IP:  10.  0.  0. 19: MAC: FF FF FF FF FF FF
IP:  10.  0.  0. 20: MAC: 00 60 DD 44 9D 38
IP:  10.  0.  0. 21: MAC: FF FF FF FF FF FF
...
IP:  10.  0.  0.126: MAC: FF FF FF FF FF FF
IP:  10.  0.  0.127: MAC: FF FF FF FF FF FF
IP:  10.  0.  0.128: MAC: 02 02 0A 00 00 80
IP:  10.  0.  0.129: MAC: 02 02 0A 00 00 81
IP:  10.  0.  0.130: MAC: 02 02 0A 00 00 82
IP:  10.  0.  0.131: MAC: 02 02 0A 00 00 83
IP:  10.  0.  0.132: MAC: 02 02 0A 00 00 84
IP:  10.  0.  0.133: MAC: 02 02 0A 00 00 85
IP:  10.  0.  0.134: MAC: 02 02 0A 00 00 86
IP:  10.  0.  0.135: MAC: 02 02 0A 00 00 87
IP:  10.  0.  0.136: MAC: 02 02 0A 00 00 88
IP:  10.  0.  0.137: MAC: 02 02 0A 00 00 89
IP:  10.  0.  0.138: MAC: 02 02 0A 00 00 8A
IP:  10.  0.  0.139: MAC: 02 02 0A 00 00 8B
IP:  10.  0.  0.140: MAC: 02 02 0A 00 00 8C
IP:  10.  0.  0.141: MAC: FF FF FF FF FF FF
IP:  10.  0.  0.142: MAC: 02 02 0A 00 00 8E
IP:  10.  0.  0.143: MAC: 02 02 0A 00 00 8F
IP:  10.  0.  0.144: MAC: 02 02 0A 00 00 90
IP:  10.  0.  0.145: MAC: 02 02 0A 00 00 91
IP:  10.  0.  0.146: MAC: 02 02 0A 00 00 92
IP:  10.  0.  0.147: MAC: 02 02 0A 00 00 93
IP:  10.  0.  0.148: MAC: 02 02 0A 00 00 94
IP:  10.  0.  0.149: MAC: 02 02 0A 00 00 95
IP:  10.  0.  0.150: MAC: 02 02 0A 00 00 96
IP:  10.  0.  0.151: MAC: 02 02 0A 00 00 97
IP:  10.  0.  0.152: MAC: 02 02 0A 00 00 98
IP:  10.  0.  0.153: MAC: 02 02 0A 00 00 99
IP:  10.  0.  0.154: MAC: 02 02 0A 00 00 9A
IP:  10.  0.  0.155: MAC: 02 02 0A 00 00 9B
IP:  10.  0.  0.156: MAC: 02 02 0A 00 00 9C
IP:  10.  0.  0.157: MAC: 02 02 0A 00 00 9D
IP:  10.  0.  0.158: MAC: 02 02 0A 00 00 9E
IP:  10.  0.  0.159: MAC: 02 02 0A 00 00 9F
IP:  10.  0.  0.160: MAC: FF FF FF FF FF FF
...
IP:  10.  0.  0.255: MAC: FF FF FF FF FF FF
------------------------


On Wed, Mar 14, 2018 at 7:21 AM, John Ford <[email protected]> wrote:

> Hi Homin.  I think Danny's suggestion is a good one.  We have had similar
> problems with the system working for a while, then packets getting lost.

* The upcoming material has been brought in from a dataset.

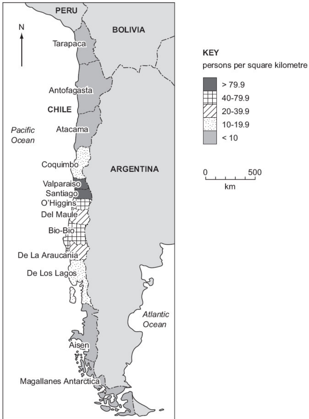
Figure 1 for Question 1 Density of population by region, Chile, 2002

> Making sure that the entries in the ARP table are correct (and the yellow
> block MAC addresses are correct) may solve it.  Looking at the switch
> traffic with the monitoring built into it might tell you if this is a
> problem.
>
> John
>
> On Mon, Mar 12, 2018 at 10:54 PM, David MacMahon <[email protected]>
> wrote:
>
>> I think the tx overflow will be OK since the FPGA won't try to send more
>> than 10 Gbps.  I think the "rx overrun" flag would be more interesting.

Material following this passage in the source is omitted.